Materials: PEG (M w = 4K and 10K, Sigma‐Aldrich, St. Louis, USA), acryloyl chloride (98%, TCI, Shanghai, China), triethylamine (99%, TCI, Shanghai, China), diethyl ether (Lingfeng Chemical Reagent Company, Shanghai, China), 2‐hydroxy‐2‐methyl‐1‐phenyl‐1‐propanone (IRGACURE 1173, 98%, Sigma‐Aldrich, St. Louis, USA), Laponite XLG ([Mg5.34Li0.66Si8O20(OH)4]Na0.66; BKY, Wesel, Germany), and HA (M w = 350K, TCI, Shanghai, China) were all used as received. All other chemicals and solvents were analytical reagents and were purchased from Lingfeng Chemical Reagent Company (Shanghai, China) and used as received.

Cell Culture: Primary ROBs were isolated from minced SD rats (born within 3 d) calvarial chips, as described previously;26 this procedure was conducted in accordance with the guidelines set by the Ethics Committee for Animal Research, Shenzhen Institutes of Advanced Technology, Chinese Academy of Sciences. ROBs, between the third to fifth passage, were used in the 3D‐bioprinting system to evaluate cell viability, proliferation, and differentiation ability both in vitro and in vivo. ROBs were cultured in α‐MEM (Hyclone, Utah, USA) with 10% (v/v) fetal bovine serum (Corning, New York, USA), supplemented with antibiotics (100 U mL−1 penicillin, 100 µg mL−1 streptomycin) and incubated at 37 °C with 5% carbon dioxide (CO2).

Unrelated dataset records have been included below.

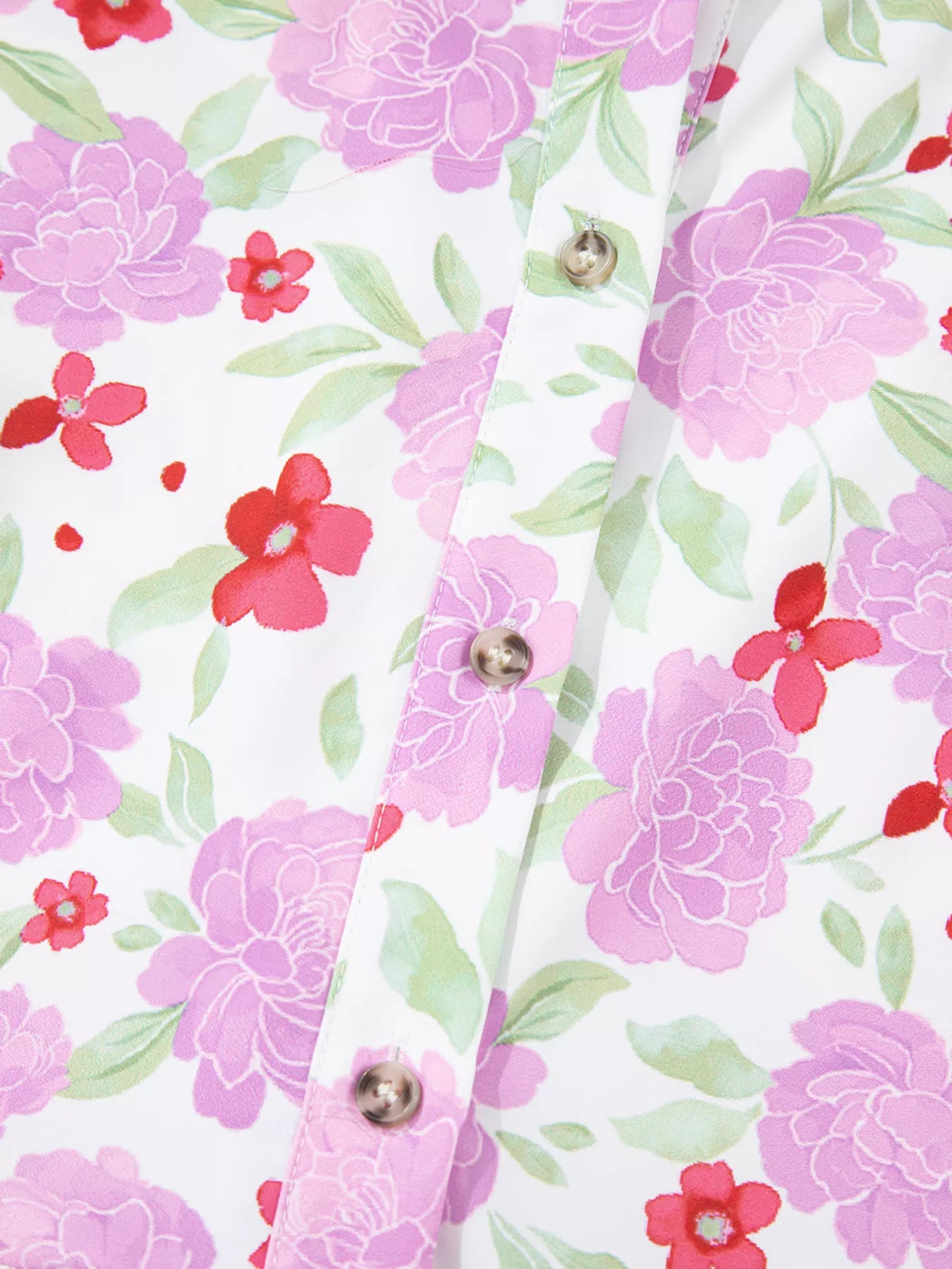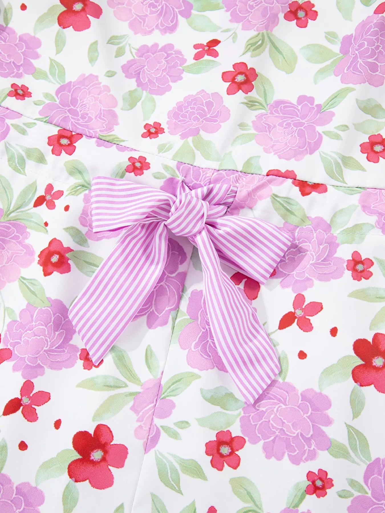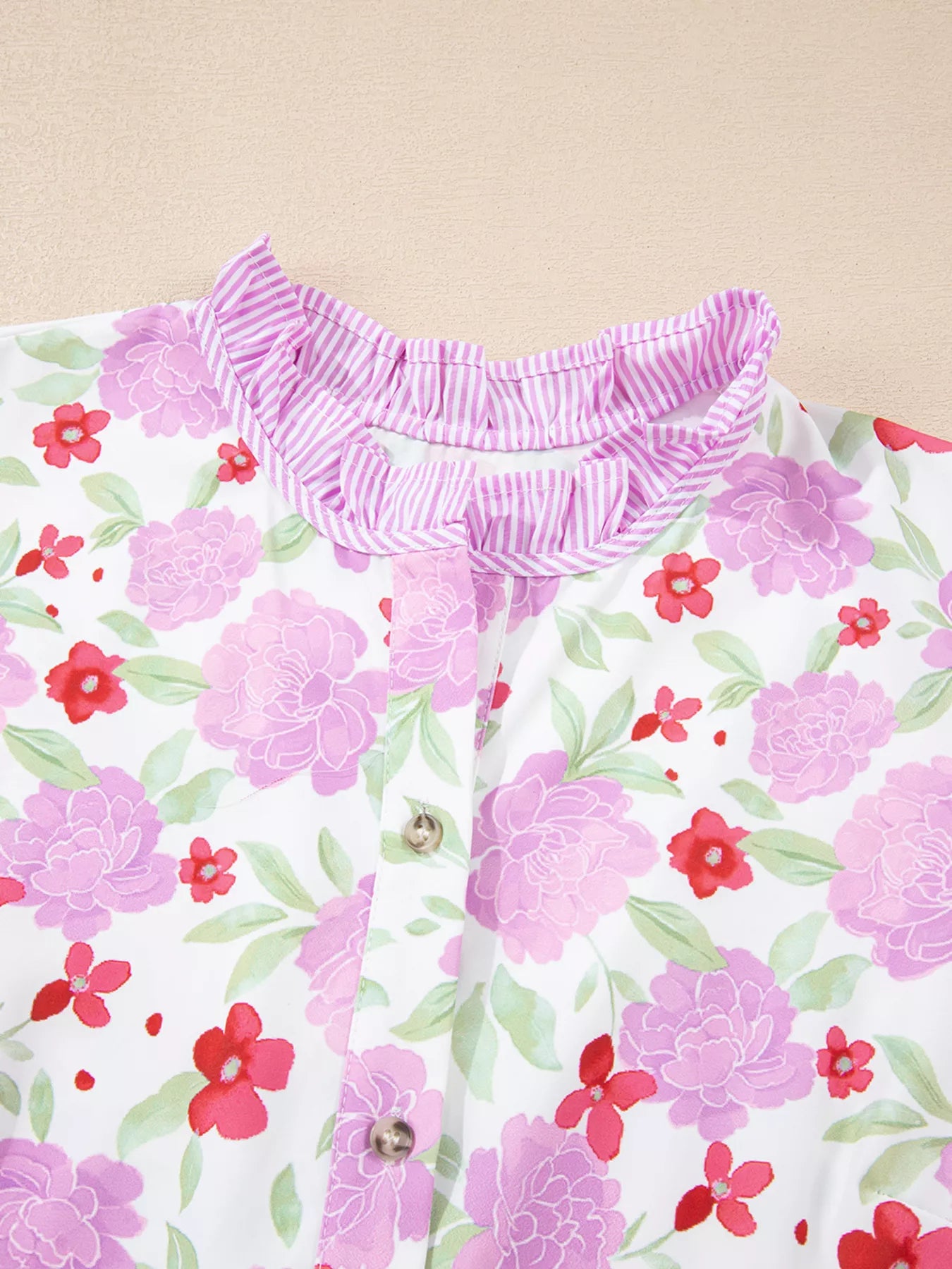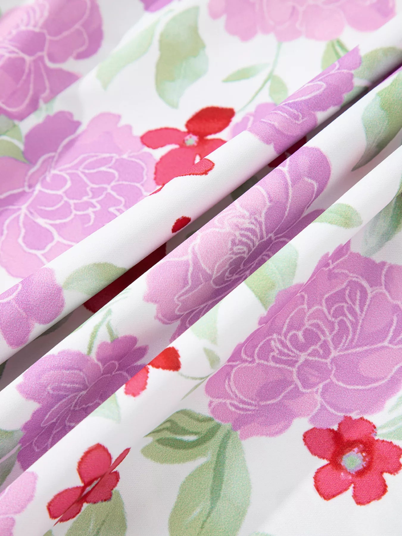 Floral Print Striped Trim Frilled Neck 3/4 Sleeve Flared Mini Dress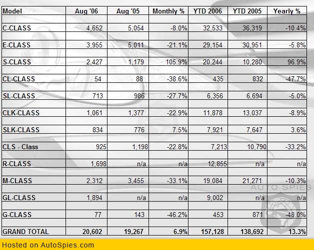 Mercedes-Benz USA (MBUSA) today reported its highest August on record with sales of 20,602 new vehicles, an increase of 6.9 percent over last August. This brings MBUSA’s year-to-date sales to 157,128 a 13.3 percent increase over year-to-date 2005.
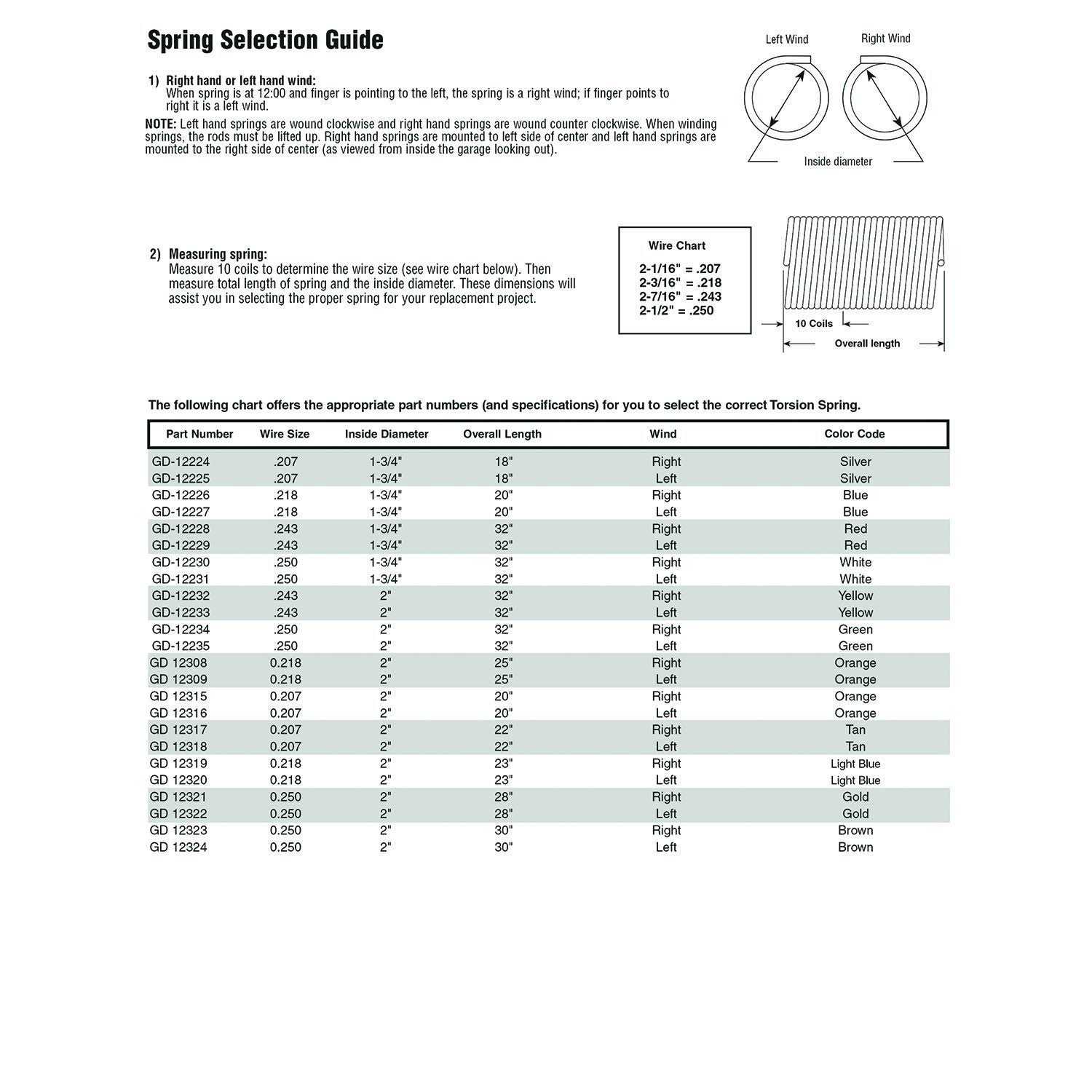 - RIGHT-HAND wind springs are mounted to the left of center (as viewed from the inside the garage looking out)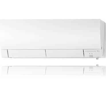 Generell lässt sich sagen: Splitgeräte sind gegenüber Monoblockgeräten die bessere Wahl. Sie übertragen die Wärme besser, da sie ganz ähnlich wie ein Kühlschrank Rohrschlangen mit Metallrippen nutzen, für die schlicht mehr Platz vorhanden ist als beim einteiligen Monoblock, das die gesamte Technik unter seine Haube nimmt. Wie alle Splitgeräte im Testfeld kann das Mitsubishi nicht nur kühlen, sondern auch heizen – es wirkt dabei wie eine Wärmepumpe, nur in umgekehrter Richtung. Für die Energieeffizienz im Heizbetrieb deklariert es den zweithöchsten Wert 5,1 (SCOP) im Testfeld nach dem Daikin Ururu Sarara FTXZ25N/RXZ25N mit der saisonalen Leistungszahl 5,9; im Kühlbetrieb reicht es für die beste Energieeffizienzklasse A+++, ähnlich wie bei dem ebenfalls mit „gut“ bewerteten Stiebel Eltron CAWR25 oder dem Fujitsu ASYG09LTCA/A0YG09LTC.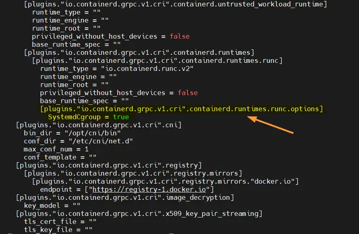 设置cgroupdriver为systemd,编辑 /etc/containerd/config.toml 文件,找到 [plugins."io.containerd.grpc.v1.cri".containerd.runtimes.runc.options] 部分,添加一行内容:SystemdCgroup = true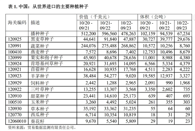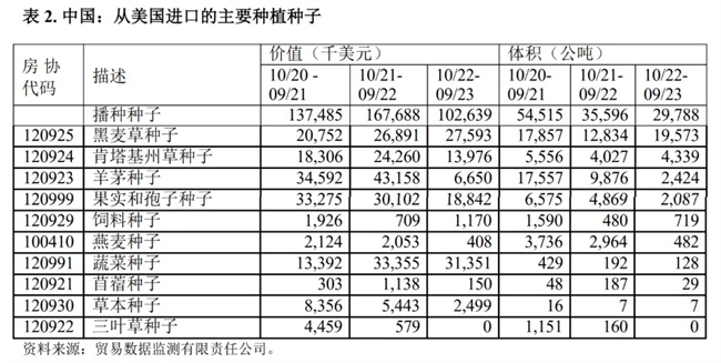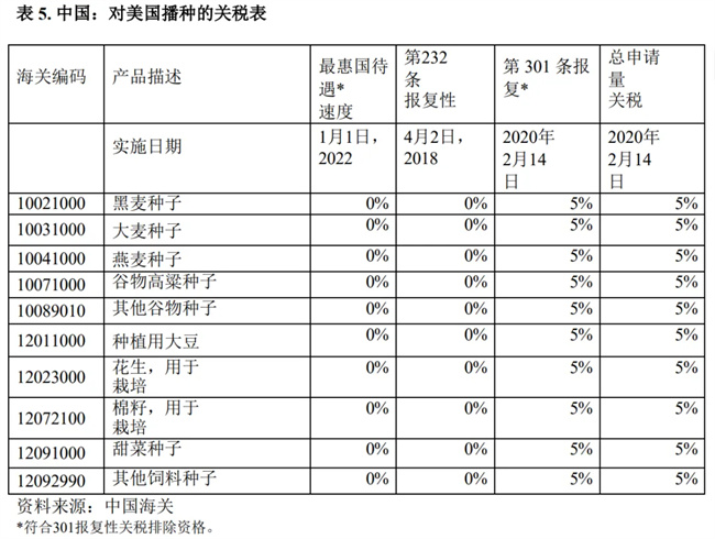 中國于2019年9月1日對種植種子征收報復性關稅。不過,該關稅并不適用于大多數草籽, 按價值計算,這些草籽合計占2022/23年度美國種子進口總額的95%以上。對于加征關稅 的種子,進口商可以申請關稅排除。有關進口商申請特定產品關稅排除程序的信息,請 參閱 USDA GAIN 報告編號:CH2020-0017.

Prehydrogel Solution Preparation for 3D‐Bioprinting: Crosslinkable PEGDA of different molecular weights (M w = 4K and 10K) were synthesized as previously described.9 The recipes for preparing prehydrogel solutions are listed in Table S1 in the Supporting Information. Briefly, PEGDA was dissolved in deionized water at first, and then 3 wt% of the photoinitiator IRGACURE 1173 (relative to the mass of PEGDA crosslinker) was added into the solution and stirred thoroughly under a nitrogen atmosphere until completely dissolved. The solution was then sterilized via filtration through a 0.22 µm filter. Subsequently, ultraviolet sterilized nanoclay (Laponite XLG) was added into the solution and vigorously stirred on a clean bench for about 2 h, to obtain a homogeneous prehydrogel solution. Bubbles were removed from the prehydrogel solution by centrifugation (3000 rpm, 10 min) before being used.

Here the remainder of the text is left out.